A little off-topic, but I didn't think that cats generally took on a squirrel! Not one of the stray/feral cats in my care have ever tried that I know of, even though the neighborhood is "crawling" with squirrels! Maybe we have some mean squirrels here in Michigan. I wouldn't want to go "tooth-to-nail" with one! On the other hand the squirrels don't hang around the feeding station either. Raccoons are another issue though. Raccoons absolutely love kibble and the cats won't come back to the station for a day after one has been around. I've trapped and returned to the "wild" more raccoons than I've TNR'd feral cats. I don't particularly begrudge them the food, but raccoons and cats are incompatible at a feeding station.


----------



## Goldtanker (Jan 9, 2011)

Various thieves around the property.


Woodchuck (Groundhog)










Fox










Hawk










Skunk










Racoons










Possum










Chipmunk










And of course, Squirrel.

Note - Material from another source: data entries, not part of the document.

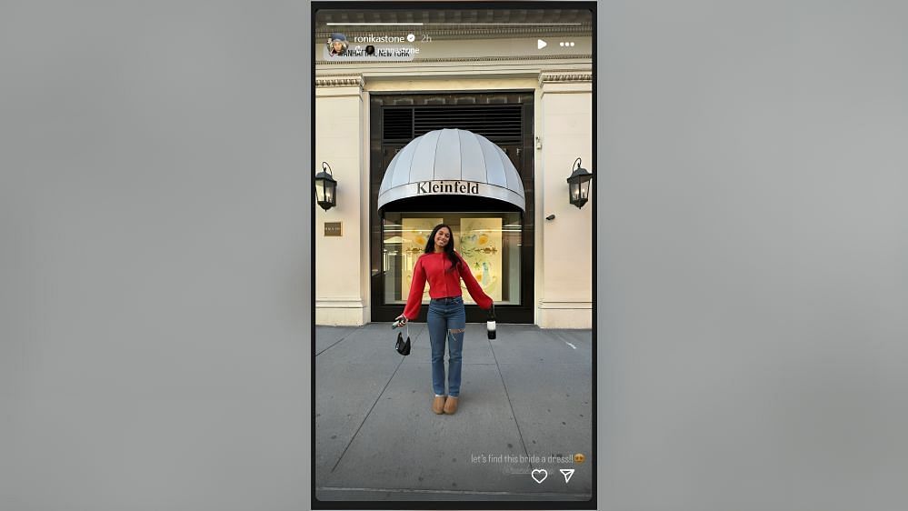 On Thursday, Ronika Stone reshared an Instagram story from her sister Ronna's account. The story featured a picture of Stone posing in front of a Kleinfeld store. The sister-duo visited the store for the volleyball athlete's bridal dress.
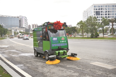在海心沙,记者看到了一个特殊的“环卫工人”——无人驾驶清扫车。车头巨大的黄色刷子、亮丽的车身以及空空的驾驶室,都显示着它的与众不同。据介绍,无人驾驶清扫车配置了旋转边刷与喷淋系统,可以极大地提高路面垃圾清扫的效率。实践证明,无人驾驶清扫车不但提高了环卫作业效率,在极端情况下也可避免环卫工人暴露在危险之中。
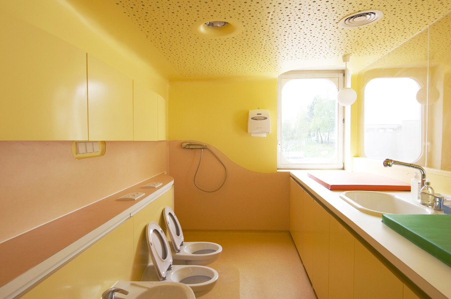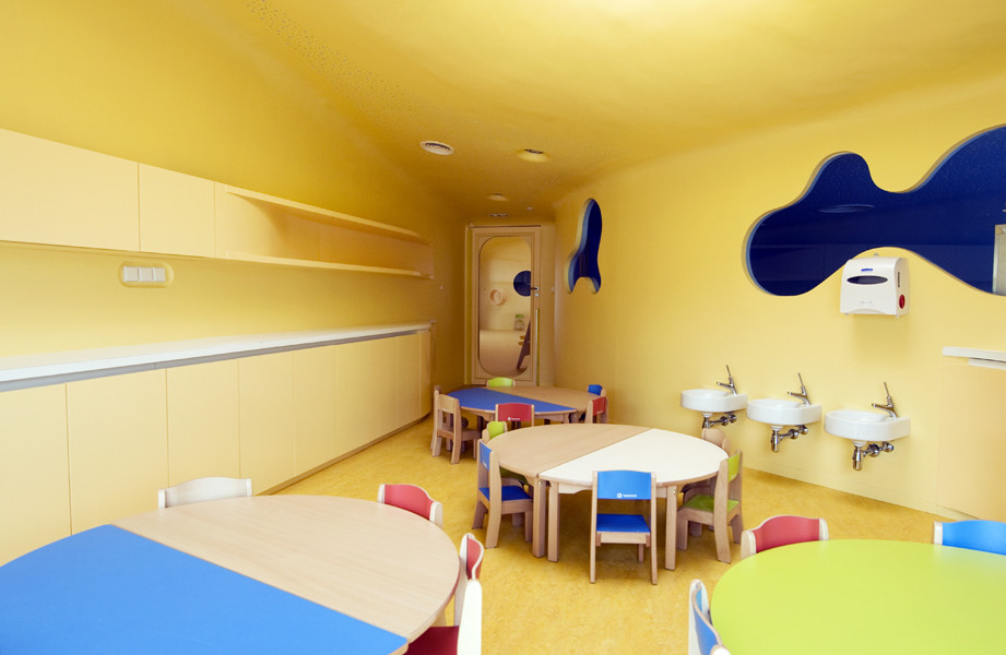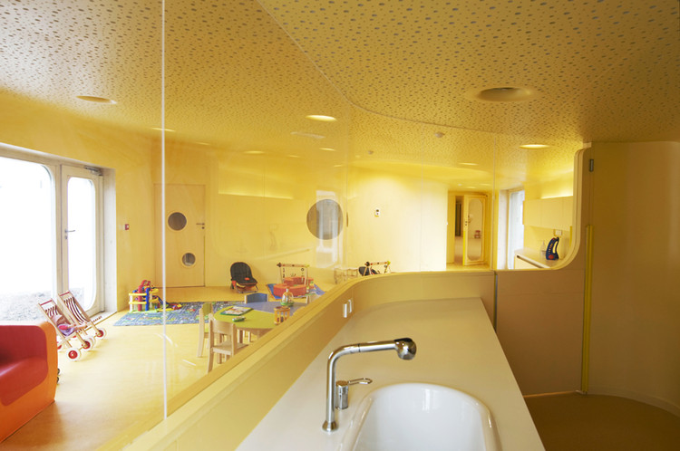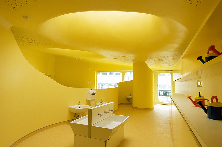 為了保證設(shè)施的安全,所以在內(nèi)部配件的設(shè)計中,消除了所有的直角結(jié)構(gòu),并提供平滑彎曲的邊緣,即使連鋒利的邊緣也被倒圓。這些是該建筑的特點之一,外墻像波浪一樣進(jìn)入了內(nèi)部空間。

Midnight, the wild cat, does climb the trees after them!


----------



## cooncatbob (May 27, 2011)

When I was a child we had a white Tom named Pinky (pink ears and nose) who regularly caught and ate squirrels, nothing left but the tail.
Once I saw him lying on the front lawn playing possum for the Blue Jays, they were swooping down on him and he just laid there, suddenly he struck and Blue Jay down, the other Jay tried to strike him in the back and bam he got that one too.
He was quite an impressive hunter, but he was a real sweet heart.


----------